I think that for me, if I don't take some chances and allow some indepenence then I am failing my kid. The world is full of risk and we simply cannot shield them from all of it all the time and expect them to become functioning adults. In reality,this is EXTREMELY low on the risk spectrum but in our minds as parents it has taken on epic proportion. The number of kids harmed by and adult becuase they went to the bathroom alone is orders of magnitude less than those harmed becuase they played sports, went to school, were scouts, or any number of other things, but we don't think twice about allowing those things. I have to wonder why that is? Why is the bathroom so taboo, but other higher risk locations ok? What is it about our society that attaches molestors to public restrooms? I have always found it interesting that THIS is the hot button topic, nad molestors are always brought up, but no one thinks twice about thier sports coach, sout leader, realtives, ect being alone with their child. THESE are statistically much more likely to be where the threat comes form than someone lurking in a restroom, but we focus all our energy on the unknown stranger, and not on those our kids know and trust.
I am a little exhausted on this topic but here goes....
Why does one always bring up the unknown stranger vs the person we know and trust as if you are cautious about the one you will not be cautious about the other?????
I take precautions everywhere with my kids.

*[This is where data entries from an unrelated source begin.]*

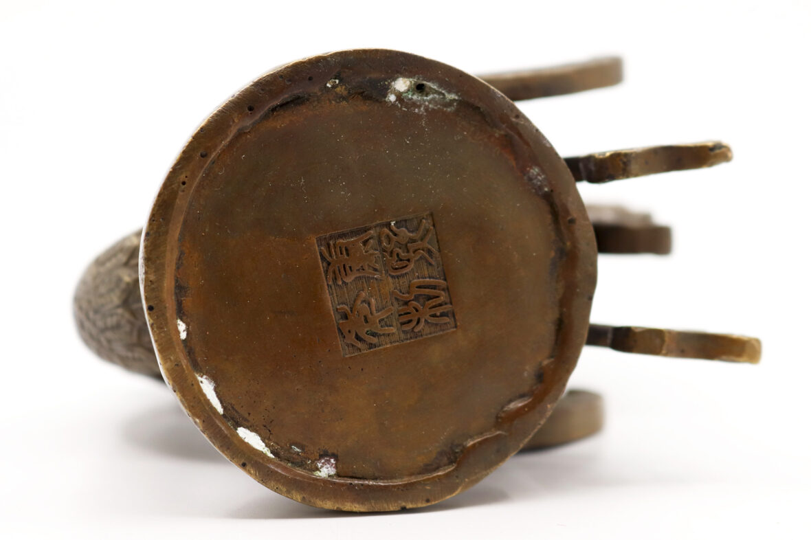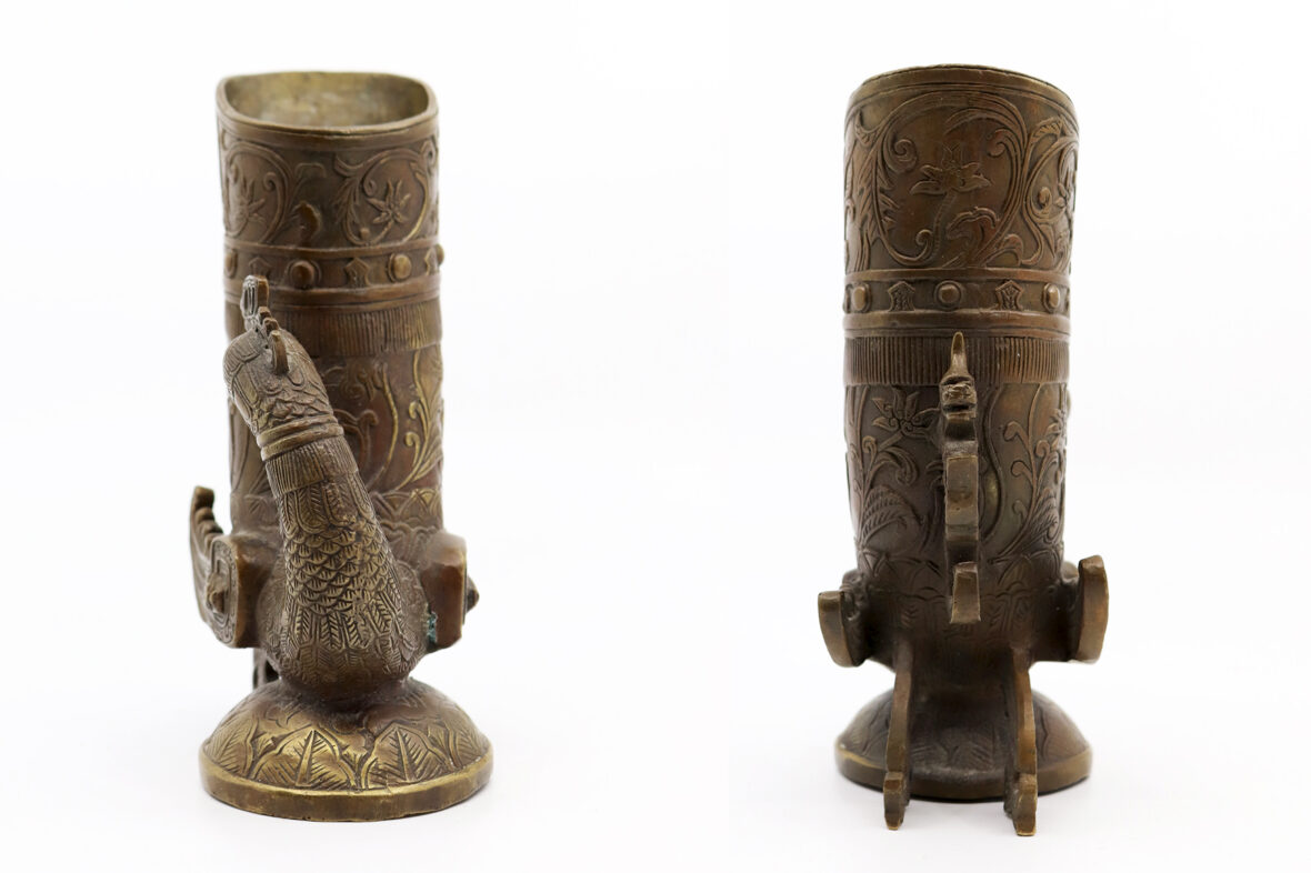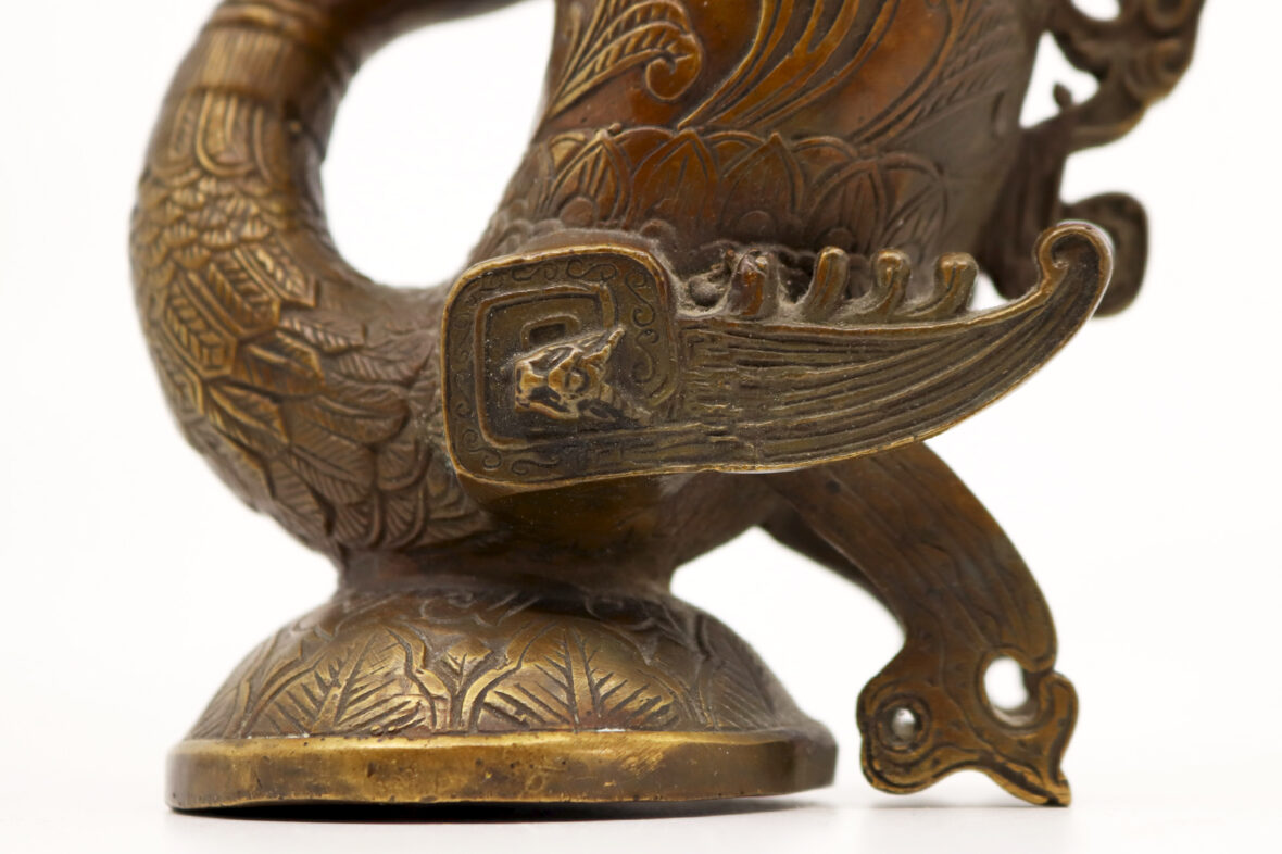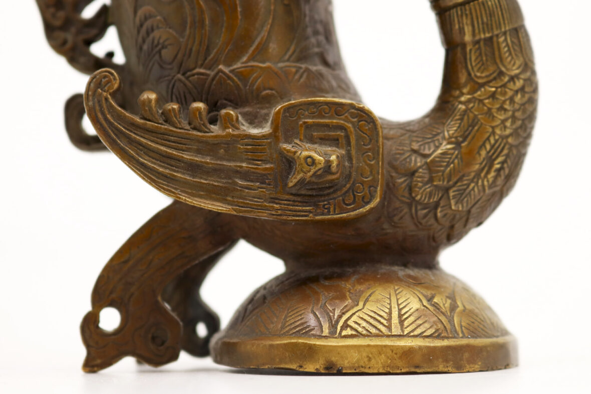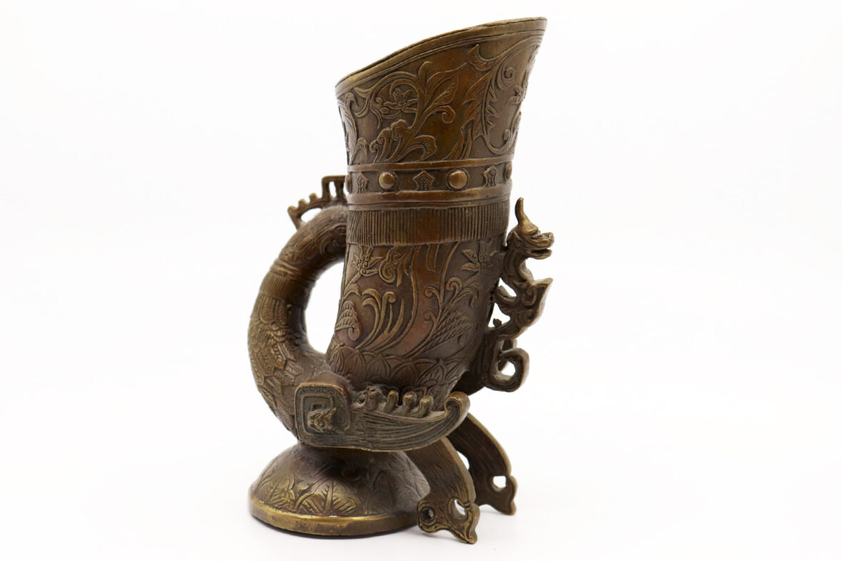 Rhyton en bronze à décor de phénix sur l’anse. Marque apocryphe sous la base « Khang Hy Nien Che » signifiant « Fait à l’époque de Kangxi ».
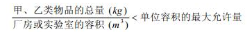 单位容积的最大允许量是非甲、乙类厂房或实验室内使用甲、乙类火灾危险性物品的两个控制指标之一。厂房或实验室内使用甲、乙类火灾危险性物品的总量同其室内容积之比应小于此值。即:
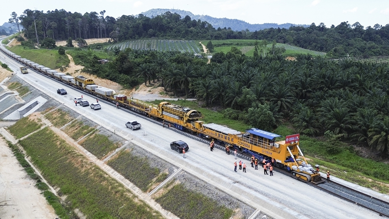 这是2024年5月6日在马来西亚彭亨州航拍的马东铁项目的铺轨现场。新华社记者 程一恒 摄

Accidents happen but I make sure my car is in good shape, have them wear seatbelts, car seats (when they were little) etc, all to minimize the risk!
I have them wear helmets when biking bc even though I never wore one as a kid and never got a head injury, it has now been deemed safer for them to ride with a helmet, all to minimize risk, but actually how many head injuries really occurred probably quite a low number since we all survived childhood.
Now onto the coaches etc, I only sign my kids up for activities that have strict background checks. Up to a certain age, I dont leave them alone at practices or games. I talked to them about inappropriate touch. And when I, me the parent deems it appopriate, not some magical age that society says, it is based off of maturity and situational, I will allow them to stay at practice without me. But I talk to them about being safe.
I do/did (my boys are old enough now), I talked to my boys about the stranger in the bathroom as well as the one driving along the road asking for a lost puppy. I have talked about men who like to expose themselves to young boys etc. But until I, me the parent feels that my child is capable of handling these situations, I will do what I need to do to minimize the risk. If that means taking him into a restroom so be it.
None of these are mutually exclusive...I hate when the assumption is that bc some parents fear the bathroom too much they dont think about the people close to them.
Also to the poster that says nothing has ever happened in a WDW restroom, I certainly dont want my child to be the first. And with the reports of security guards dealing in child porn, I dont think WDW is the safe bubble some people think it is.